Today, August retail sales, the August producer price index, the preliminary September University of Michigan consumer sentiment index, and July business inventories and sales will all be released. Economists polled by IFR Markets are predicting a 0.3% increase in retail sales, a 0.2% drop in retail sales excluding autos, a 0.5% decrease in PPI, a 0.2% uptick in PPI core, a 64.0 reading for the University of Michigan sentiment index, a 0.5% increase in business inventories, and a 1.4% climb in business sales.

In the new-issue market yesterday, the Florida Department of Environmental Protection competitively sold $156.7 million of Florida Forever revenue bonds to Merrill Lynch & Co., with a true interest cost of 4.65%. The bonds mature from 2009 through 2028, with coupons ranging from 3.5% in 2009 to 5% in 2028. None of the bonds were formally re-offered. The bonds, which are callable at 101 in 2018, declining to par in 2019, are rated A1 by Moody's Investors Service, AA-minus by Standard & Poor's, and A-plus by Fitch Ratings.

Citi priced $106.5 million of hospital revenue bonds for Florida's Halifax Hospital Medical Center in two series. Bonds from the $70.9 million Series B-1 mature in 2038, yielding 5.62% with a 5.5% coupon. Bonds from the $35.6 million Series B-2 mature in 2031, yielding 5.53% with a 5.375% coupon. The bonds, which are callable at par in 2018, are insured by Financial Security Assurance Inc. The underlying credit is rated BBB-plus by Standard & Poor's and Fitch.

Merrill Lynch also priced $73.6 million of infrastructure sales surtax revenue bonds for Sarasota County, Fla. The bonds mature from 2010 through 2024, with yields ranging from 2.40% with a 3% coupon in 2010 to 4.57% with a 4.375% coupon in 2023. The bonds, which are callable at par in 2018, are rated Aa3 by Moody's and AA by Standard & Poor's and Fitch.

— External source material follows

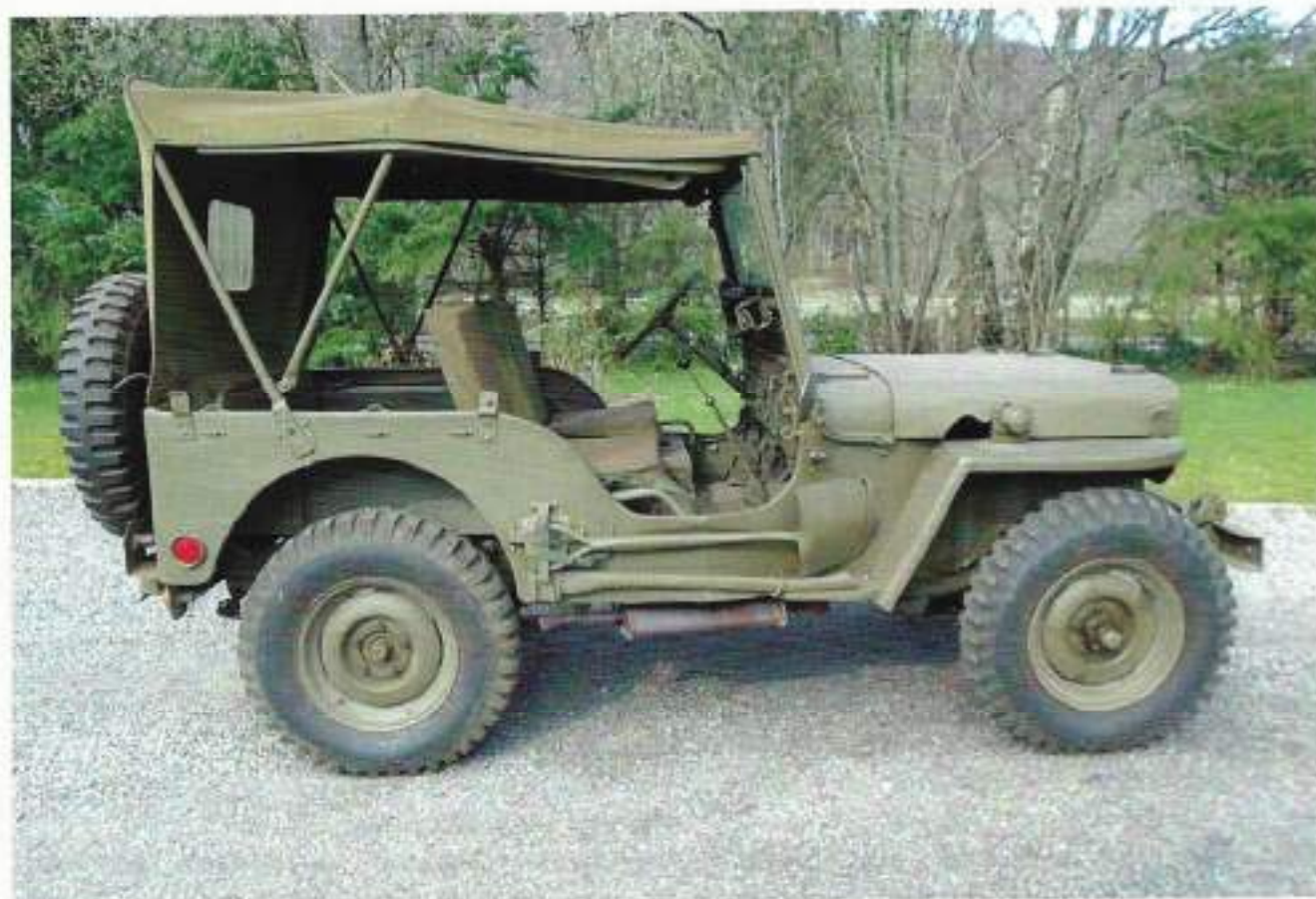
Willys M38 Jeep

Het pad naar de woning kronkelde als een roodbruin lint tussen strak onderhouden

Citi priced $72.7 million of revenue bonds for Florida's Jacksonville Electric Authority in two series. Bonds from the larger $54.1 million series mature from 2009 through 2028, with yields ranging from 2.00% with a 3% coupon in 2009 to 4.90% with a 4.75% coupon in 2028. The bonds are callable at par in 2013, except those bonds maturing in 2014 and 2015, which are not callable. Bonds from the smaller $18.6 million series mature from 2009 through 2028, with yields ranging from 2.15% with a 3% coupon in 2009 to 4.99% with a 4.75% coupon in 2028. These bonds are callable at par in 2013. The bonds are rated Aa2 by Moody's and AA-minus by both Standard & Poor's and Fitch.

California's El Dorado Union High School District competitively sold $34 million of general obligation bonds to UBS Securities LLC with a TIC of 4.69%. The bonds mature from 2009 through 2033, with coupons ranging from 8% in 2009 to 4.75% in 2033. None of the bonds were formally re-offered. The bonds, which are callable at par in 2018, are insured by FSA.

Finally, Gloucester, Mass., competitively sold $33.1 million of bond anticipation notes to Banc of America Securities LLC with a net interest cost of 1.83%. The Bans mature in Sept. 2009, yielding 2.75%, priced at par. The notes are rated MIG-1 by Moody's.